2 - Then I thought about checking channel status. However, if I'm not mistaken, when a running channel goes indoubt, the channel status does not change from 'running' so this too won't work.
3 - Finally, I thought I could check the xmit queue depth - if there is a depth, then report the problem.
Any other possibilities? |
|
Back to top |
|
 |
jefflowrey |
Posted: Wed Jan 09, 2008 10:55 am Post subject: |
|
|
Grand Poobah
Joined: 16 Oct 2002 Posts: 19981
|
I don't normally expect to see channels indoubt without errors being thrown...
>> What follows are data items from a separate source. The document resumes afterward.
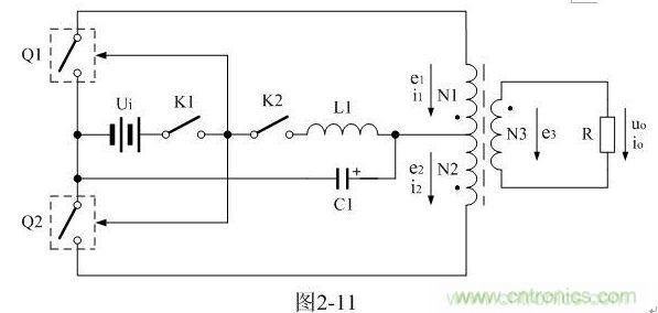 在圖2-11中,開機時,驅(qū)動電路電源開關(guān)K1首先接通,電源Ui首先給電源開關(guān)管Q1、Q2的驅(qū)動電路加電;然后開關(guān)管電源開關(guān)K2接通,由于L1的作用,C1兩端的電壓只能緩慢上升,以保證加到變壓器初級線圈的電壓不會突然升高,使流過變壓器初級線圈的電流過大,導(dǎo)致變壓器鐵芯出現(xiàn)飽和;關(guān)機時,開關(guān)管電源開關(guān)K2首先關(guān)斷,而后驅(qū)動電路電源開關(guān)K1再關(guān)斷,由于C1兩端的電壓緩慢下降,使變壓器鐵芯可進行充分退磁,以保證下次開機的時候,變壓器鐵芯磁滯回線的初始相位總是從0開始。
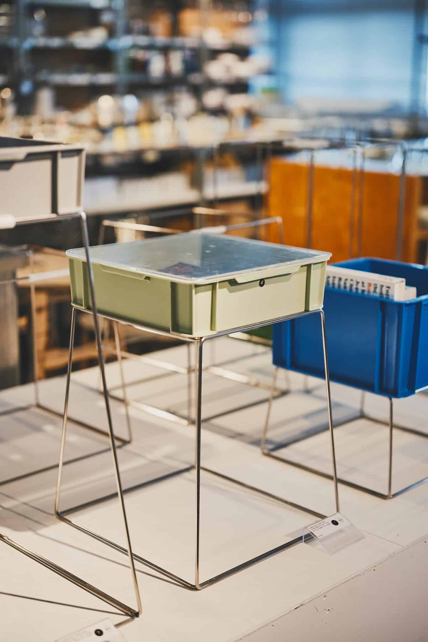 普段は商品輸送に使われている業務用のサンボックスは、単品はもちろんスタッキングも可能。「つくらないでつくる」をコンセプトに立ち上がったプロジェクトSampling Furnitureでは、変わらないデザインのサンボックスにフレームを組み合わせてプランター台として使うなど、暮らしに取り入れるアイデアを幅広く提案をしています。
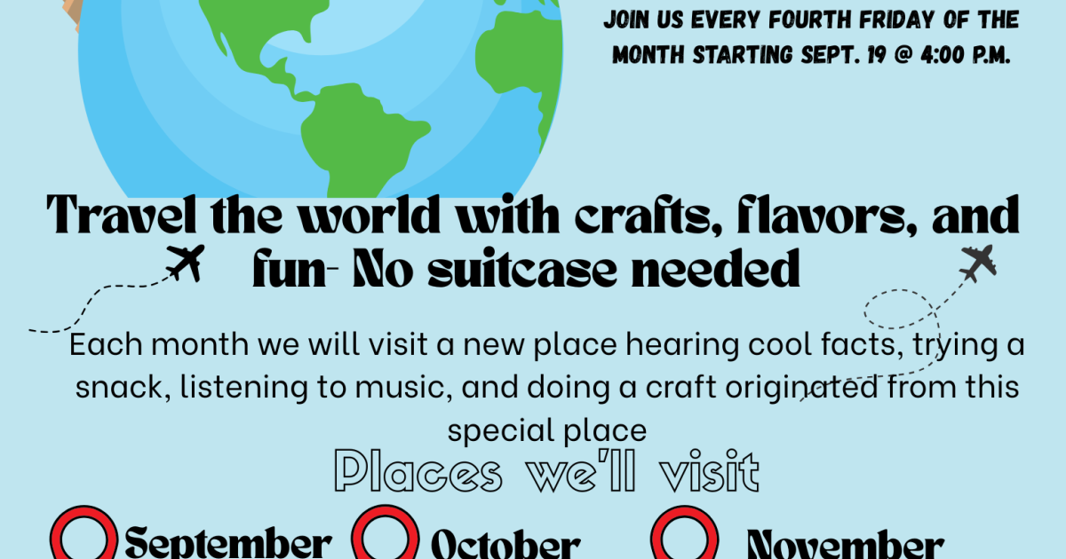 Join us for a monthly adventure! We invite you to Travel the World with us. We'll explore a new destination each month, discovering fascinating facts, tasting a local snack, enjoying music, and creating a craft inspired by each unique location. No suitcase required!
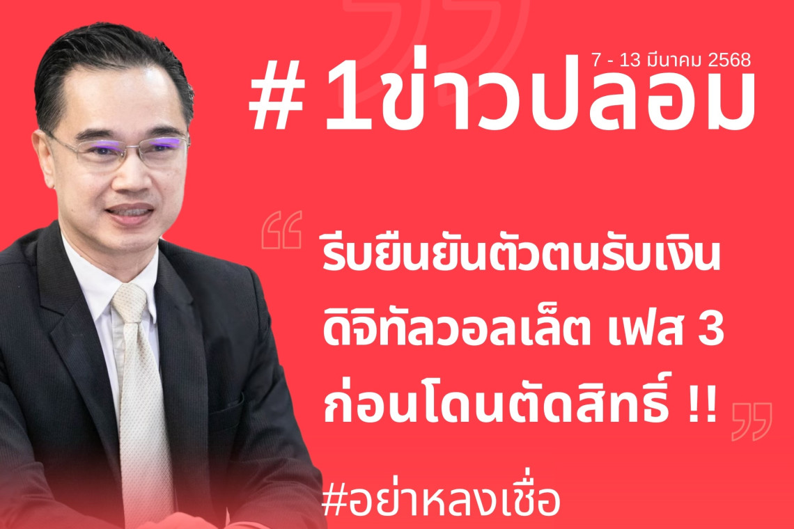 อันดับที่ 1 : เรื่อง รีบยืนยันตัวตนรับเงินดิจิทัลวอลเล็ตเฟส 3 ก่อนโดนตัดสิทธิ์
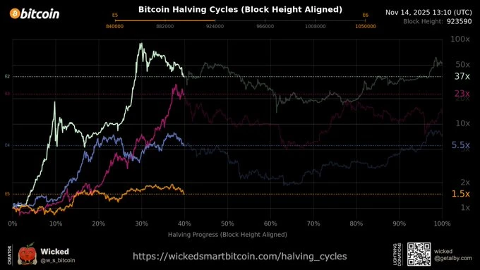 ➡️ Wicked: Nieuwe visualisatie: Bitcoin Halving Cycles (Block Height Aligned).

Are you short of log space on one side or another? _________________ I am *not* the model of the modern major general. |
|
Back to top |
|
 |
LouML |
Posted: Wed Jan 09, 2008 11:08 am Post subject: |
|
|
 Partisan
Joined: 10 Nov 2005 Posts: 305 Location: Jersey City, NJ / Bethpage, NY
|
jefflowrey wrote: |
I don't normally expect to see channels indoubt without errors being thrown...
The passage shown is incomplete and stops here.